Definitely worth testing another card.

I switch monitors alot, and almost never screw the monitor in tightly either and have never seen that problem.


----------



## Cheeseball81 (Mar 3, 2004)

I tried 2 other monitors and the same lines were there. When I told the guy about it at the store, he actually unscrewed a monitor there and only had the pins in, and it still worked. So it must be the card. I gave up on downloading the missing driver. It just seems like everytime I put a new piece of hardware on this computer, then something else dies. :down:


----------



## Cheeseball81 (Mar 3, 2004)

I want to uninstall my graphics driver and then re-download it off the SiS website. 

I use Windows 98...so do I need to go into Device Manager and just hit "remove" on the display adapter? Then download it again and install?


----------



## ~Candy~ (Jan 27, 2001)

Yes, I just went thru a tough SiS driver install. Whatever you do, don't reboot, remove it from device manager first, and then search for new hardware and CHOOSE the device from the menu (SiS) and then choose HAVE disk, it will look for an .inf file first.
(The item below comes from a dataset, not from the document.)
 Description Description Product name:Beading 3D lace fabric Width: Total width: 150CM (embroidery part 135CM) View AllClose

Download the new driver first, unzip it to a file folder on the desktop for easy access, then point the new install there.


----------



## Cheeseball81 (Mar 3, 2004)

Should I download the file first off the website? 

Or remove first from Device Manager and then download?
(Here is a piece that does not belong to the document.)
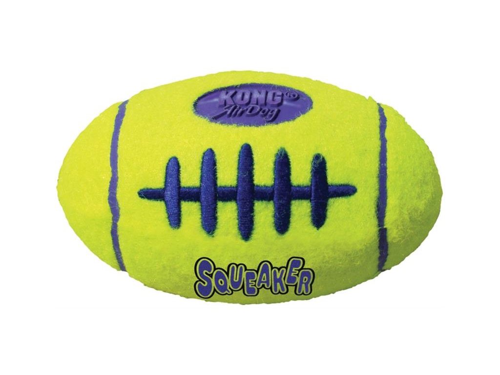 Hračky pro psy originál AIR KONG SQUEAKER od zakladatele anglické psí školy doktora Mugforda se vyrábějí v továrně na tenisové míčky. Kvalitní kaučuková směs spolu s navulkanizovaným plstnatým povrchem propůjčují těmto zajímavým hračkám pro psy zvýšenou životnost. Hračka Air dog Míč rugby Kong je jako odměňovací hračka, pomocník při výcviku poslušnosti psa a ideální pro aportovací trénink na souši i na vodě nebo pro volnou koupací zábavu psů. Uvnitř hraček je kvalitní pískátko, které motivuje psa ke hře. Povrch hračky je ozdoben výšivku SQUEAKER.

On the SiS website...I picked the 630/730 series and started to download it. At 1% with over an hour to go...


----------



## ~Candy~ (Jan 27, 2001)

I made that mistake of the 630/730 as well. What do you have onboard? If you have a 630, download the 630. I am still having refresh rate problems on one drive with the 630/730. I've set it to 60hz and it's still balking. Although on another drive with the same drivers, it's fine. 

I have just the 630 driver on my drive that works.

You must be on dialup?


----------



## Cheeseball81 (Mar 3, 2004)

In Display Properties...it says Chip Type 730 Rev 31

From the SiS website, I picked IGP Graphics Drivers, 630 and 730 series, Windows 98.
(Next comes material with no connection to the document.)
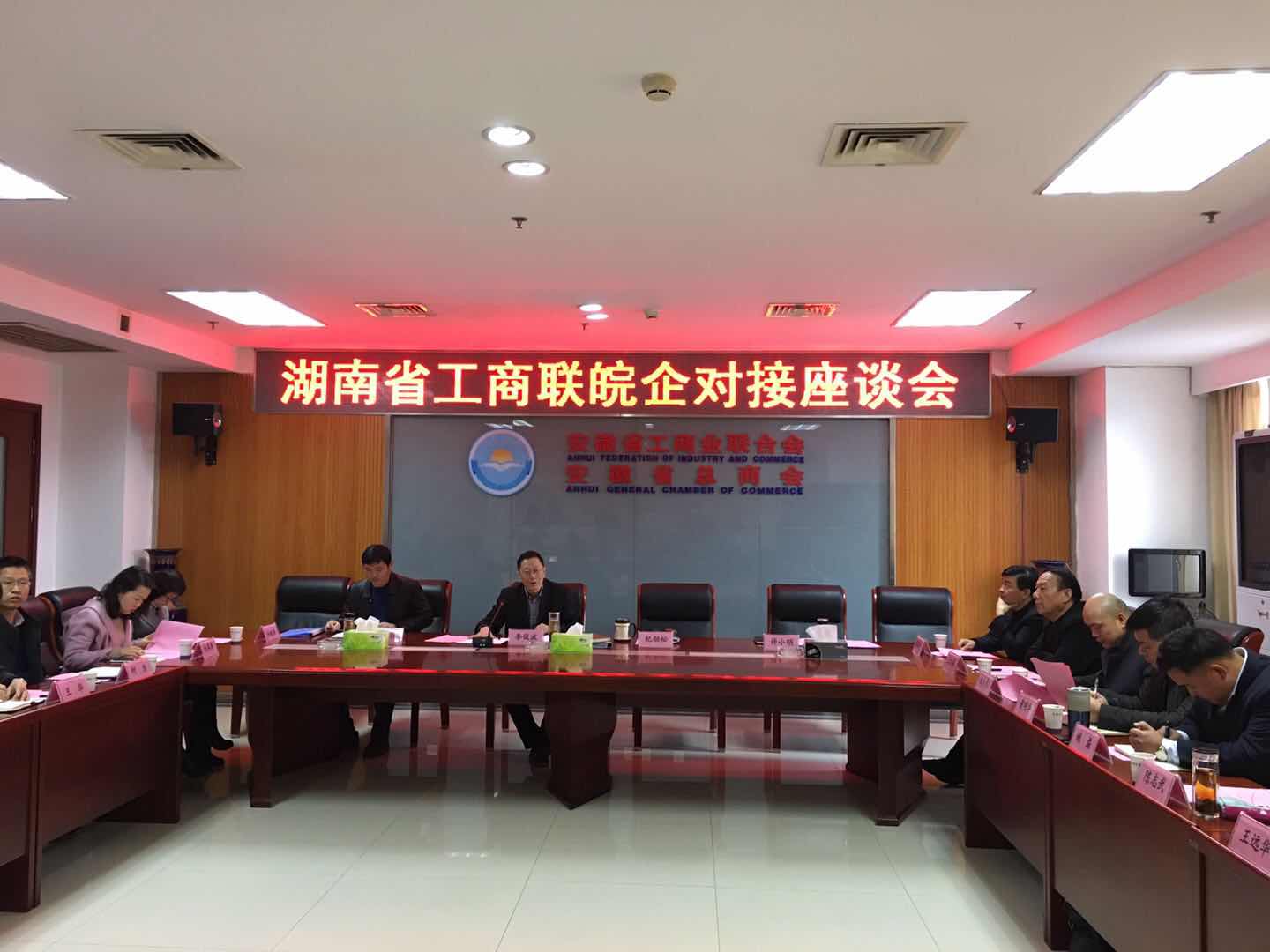 2018年3月19日上午,安徽省工商聯(lián)在十八樓會議室舉辦“湖南省工商聯(lián)皖企對接座談會”,安徽省工商聯(lián)黨組成員、副主席兼秘書長李俊波主持會議,安徽省工商聯(lián)副巡視員紀(jì)勁松、安徽省工商聯(lián)會員處副處長李祖旺、安徽省工商聯(lián)經(jīng)濟處主任科員許小明、湖南省工商聯(lián)副巡視員甘露一行及十多位企業(yè)家代表參加了座談會,安徽新建控股集團有限公司董事長應(yīng)邀參加座談會。

Actually, I have a cable modem. It's just taking a very long time. I'm only at 7%.  

I figured I'd download it first then unzip it. Then remove it from Device Manager. Then go to add new hardware and go from there. Would that work? 

9%.................


----------



## ~Candy~ (Jan 27, 2001)

If you are on cable with that poor of a download, I'd be on the phone this very second. That is pathetic.

And the download, unzip, etc. is a fine plan. Just don't allow Windows to force any driver down your throat. Watch it every step of the way and intercede.


----------



## Cheeseball81 (Mar 3, 2004)

Tell me about it. I don't know why it's so slow today. It's never usually like this. I'll let ya know what happens when it's done. Whenever that may be...lol.


----------



## Cheeseball81 (Mar 3, 2004)

Well after the long, grueling download...I unzipped the file for the SiS630. I noticed that when WinZip came up...the oemrom.bin file still had no icon next to it...except that Windows one when it doesn't know what application to open it in. 
So removed the Display Adapter...didn't reboot...went to add new hardware, whole screen froze on me. Had no choice but to reboot. Located driver, still no change. Same lines.  
I really don't know if it's because of the oemrom.bin file. What application can open that anyway?  
At a loss now...should I just get a video card put in? I have an AGP slot and a PCI slot available for one.


----------



## ~Candy~ (Jan 27, 2001)

Get a video card to test.


----------